— Прошу прощения, но меня захватило происходящее.
— Заставляет задуматься, да?
— Вовсе нет, — отвечаю я чистосердечно. — Просто и вправду хороший был эпизод. Только эта ужасная тетка из пролетариев… как-то она не порадовала.
— А что такого ужасного в пролетариях? — говорит Джим обиженно. — Я сам из рабочего класса.
— Да, и ты посмотри на себя.
Жираф-призрак трясет головой, не веря своим ушам.
— Нет, ты и вправду какой-то душный. Теперь понятно, почему у тебя с женой все так плохо. Наверное, ты ее даже ни разу и не обнял.
— Я ее обнимаю. Всегда. Каждый вечер, — говорю я, проверяя свое мысленное расписание. — Когда она моет посуду.
Жираф недоверчиво приподнимает бровь.
— Сзади, что ли, подходишь?
— Ага. Жене нравится, когда сзади.
Жираф приподнимает вторую бровь.
— Я так и думал.
— Знаешь что, шел бы ты в джунгли, грязное животное.
Джим раздувает ноздри.
— А ты — мерзкий расист.
— Не смей меня так называть, — говорю я обиженно. — Будь у меня под рукой стремянка, я бы взобрался на самый верх и придушил бы тебя всего. Ну, не всего, а хотя бы частично.
— Ты это… не кипятись, — говорит Джим, попятившись. — А то еще схватишь сердечный удар.
— Не дождетесь. — Я бью себя кулаком в грудь. — Я здоровый, как бык.
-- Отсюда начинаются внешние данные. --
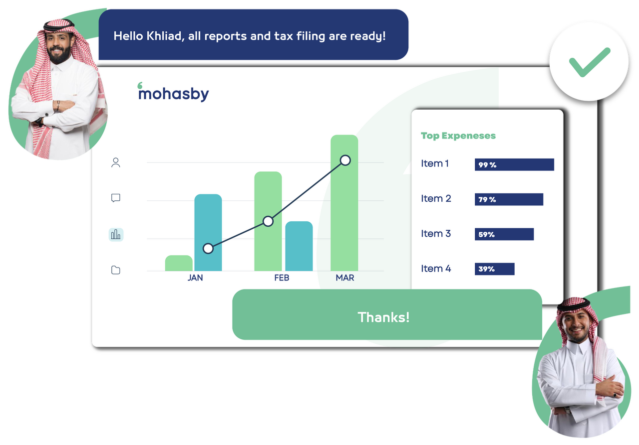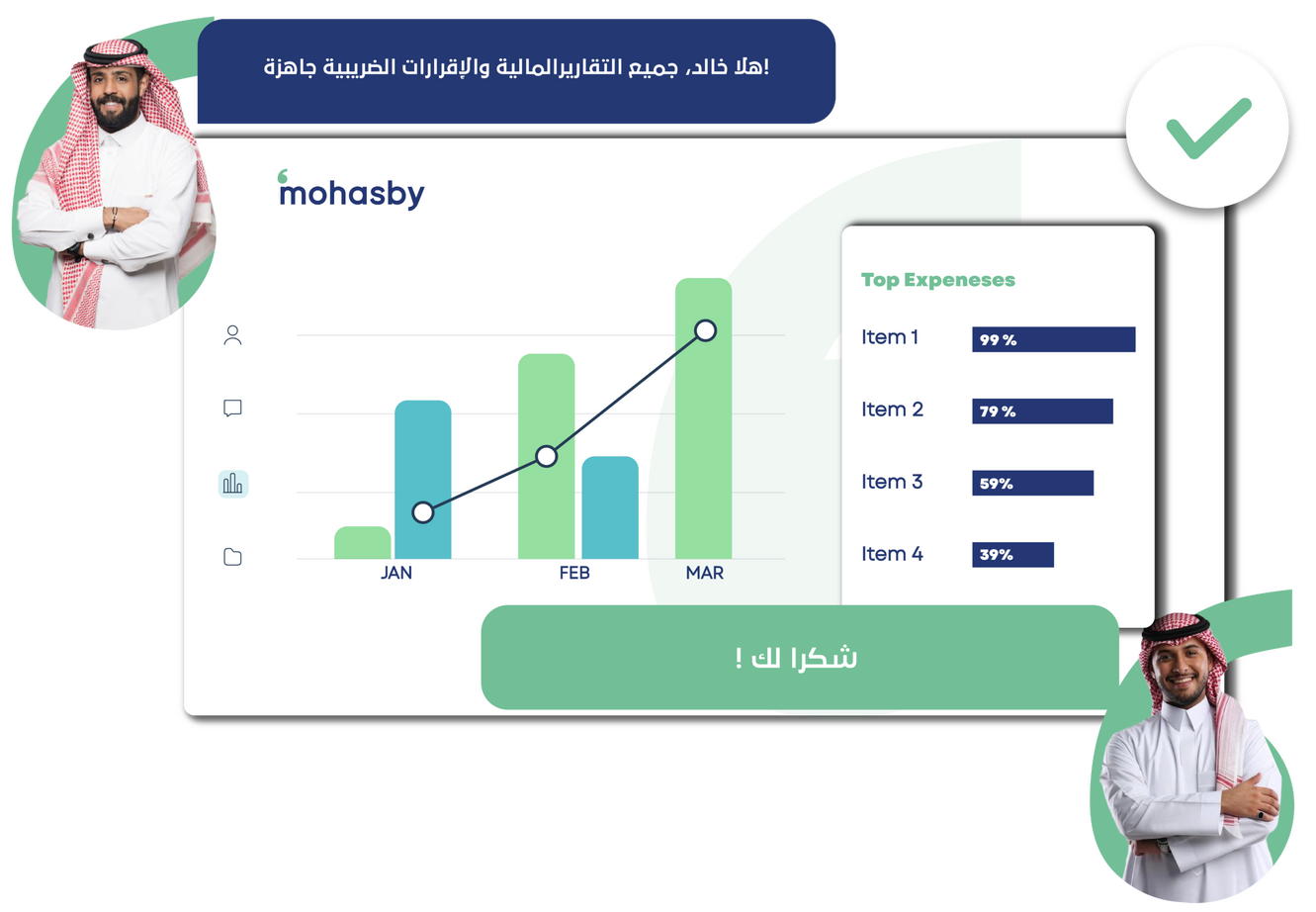 Mohasby complies with the E-Invoice regulations of the Zakat, Tax and Customs Authority, follows the guidelines of the Saudi Organization for Certified Public Accountants and is committed to the best accounting practices.

— Скорее как вол, — произносит Джим нараспев. — Вол, если ты вдруг не в курсе, — это бык, не несущий яйца. Вол в закрытом вольере. С поясом целомудрия на отсутствующем причиндале. Ты весь зажатый, Спек. Ты подавляешь свои инстинкты. С этим надо бороться. Ты же часами сидишь перед ящиком, а это, знаешь ли, вредно. Пойди прогуляйся, подыши свежим воздухом. Жизнь дана для того, чтобы ею наслаждаться.
— Смени компакт-диск, — саркастически говорю я. — Спокойствие, мистер Спектр, только спокойствие. А то у вас приключится сердечный приступ. Это старая песня, Джим.
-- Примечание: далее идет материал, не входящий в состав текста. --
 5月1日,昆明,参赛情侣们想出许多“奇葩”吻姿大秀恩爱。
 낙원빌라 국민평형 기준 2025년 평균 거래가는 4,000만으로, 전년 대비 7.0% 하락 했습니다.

— И все-таки, по статистике, смерть от сердечных заболеваний относится к самым распространенным.
— Ты мне как будто зачитываешь брошюрку из серии «Помоги себе сам». — Я чешу нос под очками. — И что мне делать по этому поводу? Есть какие-нибудь предложения?
Джим пожимает плечами.
— Я просто подумал, что тебе стоило бы регулярно снимать напряжение в тестикулах. Так сказать, изливать содержимое. Как минимум раз в неделю.
— Если ты намекаешь на мастурбацию…
— Все это делают, Скотт. Даже Бог.
Я застываю с отвисшей челюстью.
— Я тебя правильно понял?
— Э?
— Стало быть, это правда.
— Погоди, — говорит Джим. — Я хотел сказать только…
— Да, теперь все логично, — говорю я, сложив два и два. — Бог есть. Если бы его не было, тебя бы тоже здесь не было.
— Ну, даже если он есть, я в него не верю.
— Так ты, выходит, агностик.
— Скорее скептик.
— Ну хорошо. Скептик. Ты веришь, что существование Бога сомнительно, потому что невероятно.
— Можно сказать и так. Но если он существует, — говорит Джим, прядя ушами, — он редкостный анус.
— Что?
— Говорю, редкостный анус. Тот еще педераст.
— Так нельзя говорить.
— Бородатый ЗП. В смысле, задний проход.
— Джим, пожалуйста…
— Ладно, как бы там ни было, — говорит Джим, задирая заднюю ногу и пуская тугую струю мочи в электрический камин с эффектом «живых углей», — я всего лишь хотел сказать, что если ты не разберешься со своей тухлой жизнью в самое ближайшее время, если ты не научишься расслабляться, то кончишь, как я. Очень быстро откинешь копыта. И тебе будет мучительно больно и горько.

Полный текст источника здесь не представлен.